On April 23, 1995, Hays bought two MarkAir plane tickets in Denver for himself and Walton. Their destination: Dallas. They brought with them a large duffel bag, rope, tools, and dark clothes. When they arrived at D/FW Airport, Hays paid more than $300 to get his Chevy pickup out of long-term parking–left there the last time he had visited his girlfriend in Dallas.

The men drove the truck to the Holiday Inn, where they spent the night. Walton testified that Hays had asked him to wake him at 4 a.m. “I kind of lounged for a while; I stayed up for a while playing a little arcade game on the hotel TV,” Walton said. “I called my girlfriend in Downey, California, and talked to her for about an hour.” As ordered, he woke Hays shortly before 4. They dressed and headed for the Eckerd store. Hays knew the route by heart; he had cased the place on previous stops in Dallas.

They managed to pull off the heist. It might have been perfect, but for one hitch. Back at the Holiday Inn, as Hays began to pull the cash from the zipper bags, he found it: a tiny tracking device implanted in a stack of dollar bills. “Mark said, ‘Oh man! It’s a tracker!'” Walton testified. “And about that time, I heard a helicopter.”

Hays had shed his coveralls, but was shoeless. Frenzied, he ran to the door and told Walton he was going out to destroy the tracker, and would return for him in two minutes.
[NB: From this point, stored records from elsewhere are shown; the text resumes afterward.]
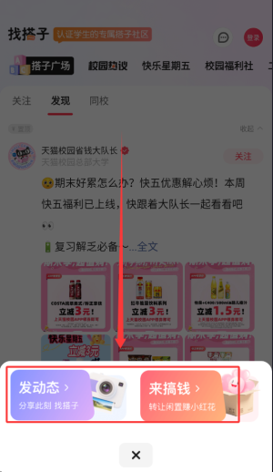 4、点击加号图标可发布个人动态内容,并进入兼职或赚钱任务相关栏目。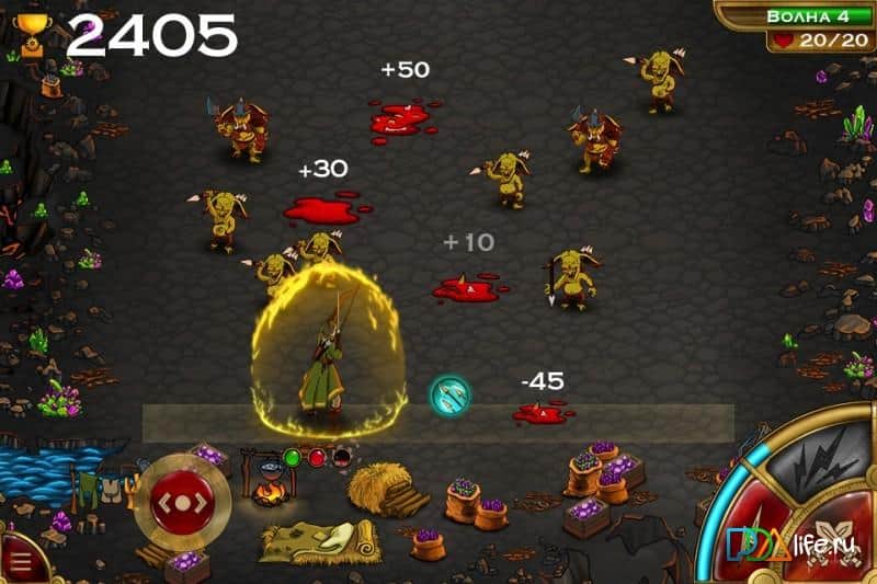 Goblins Raid - одна из тех игр что явно не претендуют на звание шедевра, но при этом обладают захватывающим геймплеем и вполне способны затянуть игрока на долгие часы. Секрет игры в том что разработчики умело объединили несколько жанров, здесь и элементы товер дефенс, и РПГ, и аркады. Сюжет игры отправит нас в фэнтезийный мир, вам же предстоит играть в роли отважного война, который по решению старейшин племени был отправлен на поиски редкого артефакта, которым владели гоблины. Когда цель миссии была достигнута и казалось бы все хорошо вас настигли зеленые монстрики и вам не осталось ничего кроме как защищаться, отстреливая орды нападающих. На выбор у вас будет несколько персонажей, каждый из которых потребует индивидуального подхода, к тому же вы сможете развить героя по своему усмотрению.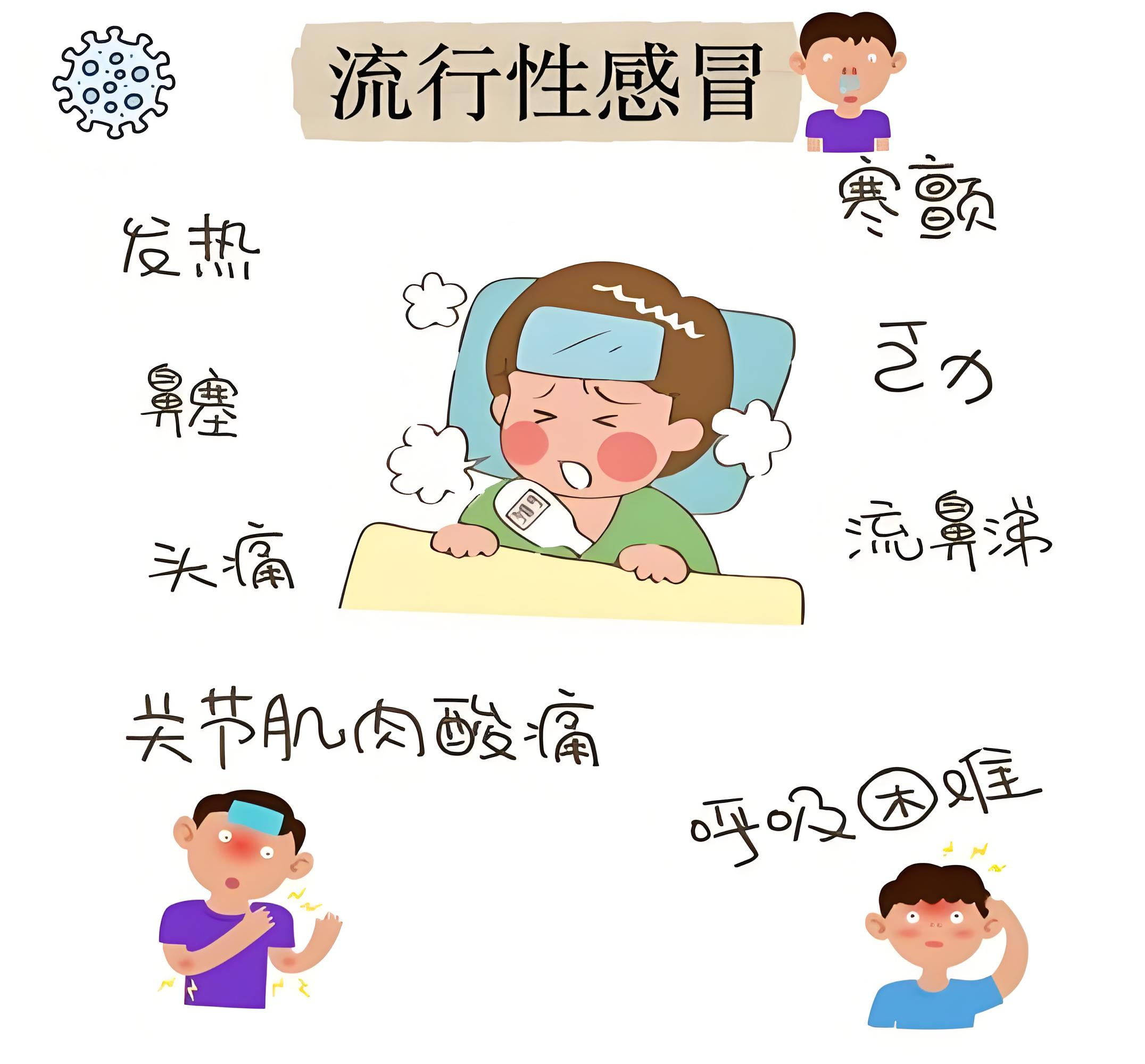 症状:突然发热(可达39℃以上)、头痛、全身酸痛、咳嗽、乏力,部分患者伴有咽痛、鼻塞、流涕等。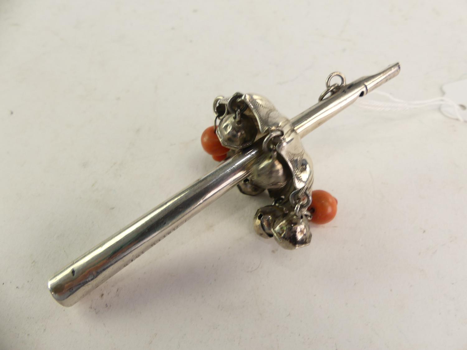 dutch silver baby rattle and whistle with coral bead drops, amsterdam dated 1878, length 4 3/4"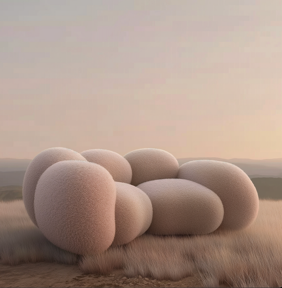 A sofa that incorporates natural shapes and colors combined with soft materials
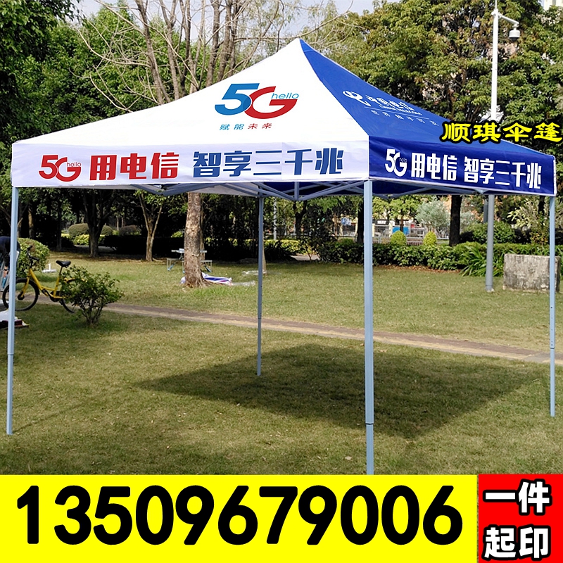 China Telecom 5G tent umbrella cloth custom telecom advertising folding tent awning outdoor activities four-legged square umbrella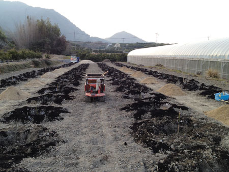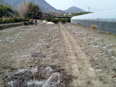 穴を掘って、そしてポイントに石灰を撒いて、堆肥や油粕を混ぜます。

But that was the last Walton saw of Hays until the trial. “I got to pacing a while. Mark didn’t come back,” Walton testified. “I peeked out the door, and more and more police were out there. I ducked down and did like a little frog walk along the balcony. I got down to the ground and I saw a man cleaning the pool. I was going to take off my clothes and jump in. And then I decided it wasn’t a good idea.”

Minutes later, Dallas police caught up with Walton. He had scaled a fence and was soaked to his chest from a murky canal he had waded through while trying to escape. After telling a long series of lies to interrogating officers, Walton finally implicated Hays–he knew him by one of his 16 aliases, Malcolm Fox–in the Eckerd hold-up. Walton and Hays were both indicted on four counts: conspiracy to commit robbery; aiding and abetting a robbery; using a firearm in the commission of a crime; and traveling interstate with the intention of committing a violent crime.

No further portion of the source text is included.